Why Retail Forex Traders Are Predictable
Being a 'Predictable Trader' Is A Bad Thing!
Long ago I realized a problem in the forex market. I realized this problem only after years of losing money, thousands of dollars lost, and numerous sleepless nights. This problem didnt just affect me but it affected every forex trader I knew at the time. This problem is so prevalent that it no doubt affects 95% or more of all those reading this article. To state it simply, I realized main stream forex education was failing traders, including myself. When you think about it no matter what forex trading strategy you use, for the most part they all rely on the same thing to trigger a buy and the same thing to trigger a sell.
For example, all indicators, trading strategies, EAs, candle patterns, etc. rely on the price beginning to move up to trigger a buy. Some will begin to signal the buy early and some later, but in the end upward price movement is required for a signal to go long. The opposite is true of a trading signal to go short. Therefore while there are literally hundreds of techniques used in the forex market they all boil down to upward movement to trigger a buy, and downward movement to eventually trigger a sell.
I understand this is an over-generalized statement but I believe it holds true the majority of the time. I ask you to not just immediately dismiss this idea but rather give it serious consideration along with the rest of the thoughts that are presented in this article.
Why Retail Forex Traders Are Predictable
If we know what triggers the masses to buy and the masses to likewise sell, then dont you think the banks driving this market do as well? One recent article said retail forex traders make up 250 billion of the daily forex volume. Considering forex is a little over a 3 trillion dollar a day market, retail traders make up close to 8% of the daily volume. If you subtract all the general order flow from 3 trillion dollars a day (currency exchange for global commerce/business) you would end up with a much smaller number that is actually speculative trading.
Lets just assume half of the 3 trillion is speculative and the other half is general order flow from global commerce/business and such. If this is true then the 250 billion in volume from retail traders is in actuality 16% of the total daily speculative order flow. At 16% of the daily speculative order flow this now makes us the average retail trader important to the banks.
As we have discussed before for every buyer there is a seller and for every seller there is a buyer. This is a basic fundamental in every market, and this is what makes us important to the banks. Lets examine an example, and draw a conclusion from the facts.
How Predictability Leads to Constant Losses
If a bank was looking to short 10 billion of the EUR/USD they would need to find 10 billion in EUR/USD buy orders to fill their desired short position. Therefore in order to not drive the price down as they enter their short position, the bank must make retail traders believe the EUR/USD is going up.
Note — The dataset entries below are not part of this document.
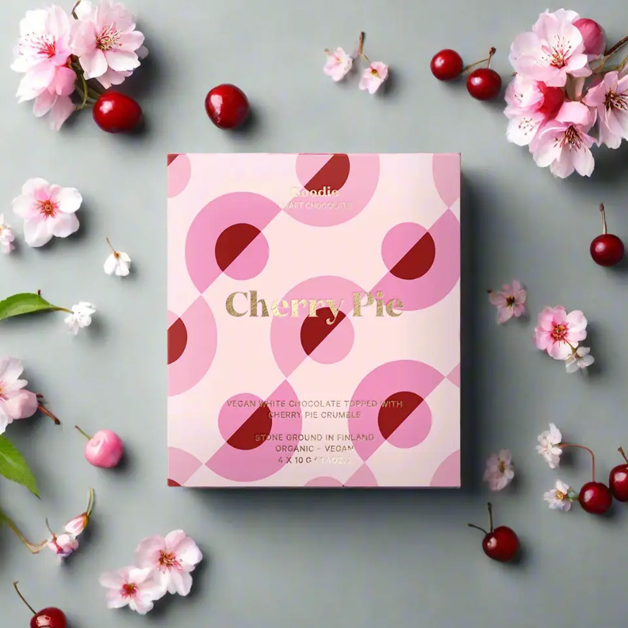 Indulge in spring's delicious flavors with Goodio's Cherry Pie Organic White Chocolate! Made with premium organic cherries and creamy caramel chocolate, this treat is not only rich and flavorful, but also satisfying and nourishing. Taste the benefits of high-quality, organic ingredients in every bite!
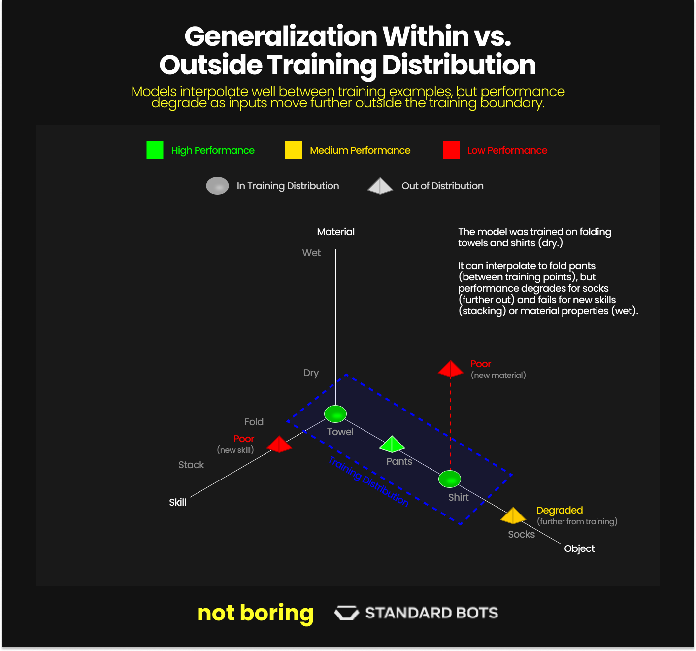 Robots can interpolate within their training distribution. They struggle outside of it. This is true for LLMs, too. It’s just that their training data sets are so large that there isn’t much out of distribution anymore.
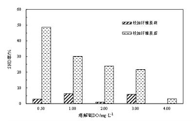 投加纖維素前后的snd效率見圖5,第一階段(未投加纖維素)無論do濃度多大,snd效率均不高(<8%);即使控制do在0.5 mg/l時,snd效率也不過2.8%。相反,第二階段添加纖維素后,snd效率明顯提高,do=0.5 mg/l時達48.69%;即使do提高至3 mg/l,snd效率依然可以保持在20%。這一結果深入揭示了纖維素對絮體致密性產生的絮體內do梯度之重要作用。
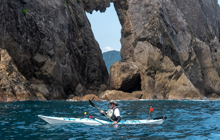 三田浜から出艇、山陰海岸ジオパーク「香住海岸」を時間をかけてゆっくり楽しみます。素晴らしい岩や洞門巡りをしたり、天然記念物の『鎧の袖』、アメリカ原住民の横顔に見える『鷹の巣岩』、カヤックまたはSUPでしか入ることのできない『孔雀洞門』などを間近で見ていただきます。コース上には洞門が数か所あり、実際に入ることも出来る箇所もあります。途中オッパセ浜で休憩、磯遊びをしながら自然の素晴らしさを満喫できるオススメのコースです。
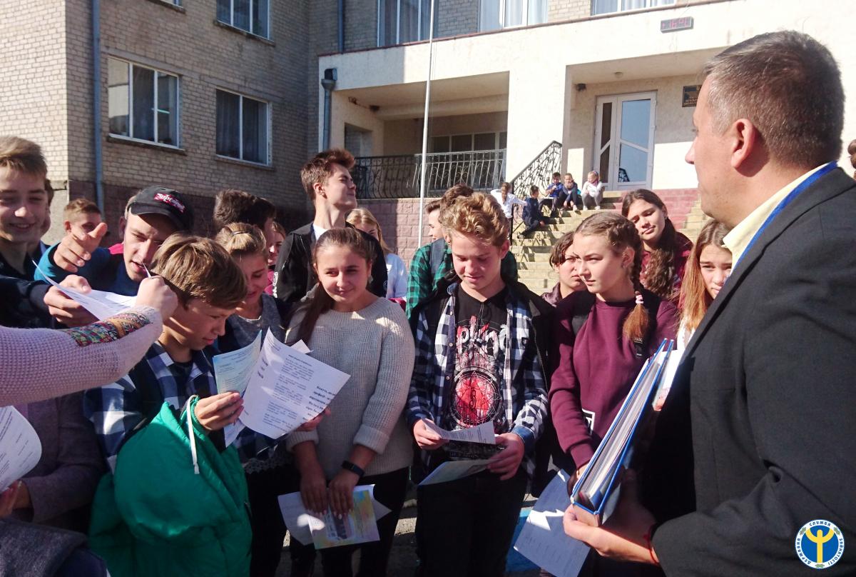 Родзинкою виїзної акції став відкритий урок для учнів старших класів, проведений фахівцем центру зайнятості спільно із соціальними партнерами - представниками Первомайського політехнічного інституту та Первомайського коледжу Національного університету кораблебудування імені адмірала Макарова - Оксаною Качуровською та Валентиною Кац, на тему: «СОЦІОМІКС: Обери професію. Навчайся. Працюй в Мигіївській ОТГ!».

If traders believe the market is going up they will begin to buy which is exactly what the bank wanted to happen in order to fill their desired short position.
As retail traders begin to buy, the bank then begins to sell into that buying pressure until their position is nearly filled. Its at this point the bank/banks begin to sell more aggressively pushing the price down and thus shifting the belief of retail traders to the downside. Retail traders begin to close out their previous long position (thus selling to close the long position) and not only that but they will often chase the price down only fueling the banks position even more. As it relates to the 3 steps forex bank trading strategy, what was just described here is the accumulation phase where the actual position is entered.
As we discussed in the beginning most all forex trading strategies rely on the same thing to trigger either a buy or sell entry, and this makes retail traders predictable prey of the banks. At this point I ask you to give serious consideration to this thought, and then examine the forex trading strategies and forex systems you have experience with.
Because banks understand this concept as well, they then use it to their advantage as we described above. Again I urge you to use your own reasoning on this matter based on your own experiences in the forex market. Maybe this explains why so many traders say the market turns against me as soon as I enter? The key here is to separate ourselves from the predictable masses so we too don’t have the same negative results! It is my belief that we must learn the forex trading strategy of the banks to achieve success. Learning how they manipulate the market allows us to profit from it rather than being their victims!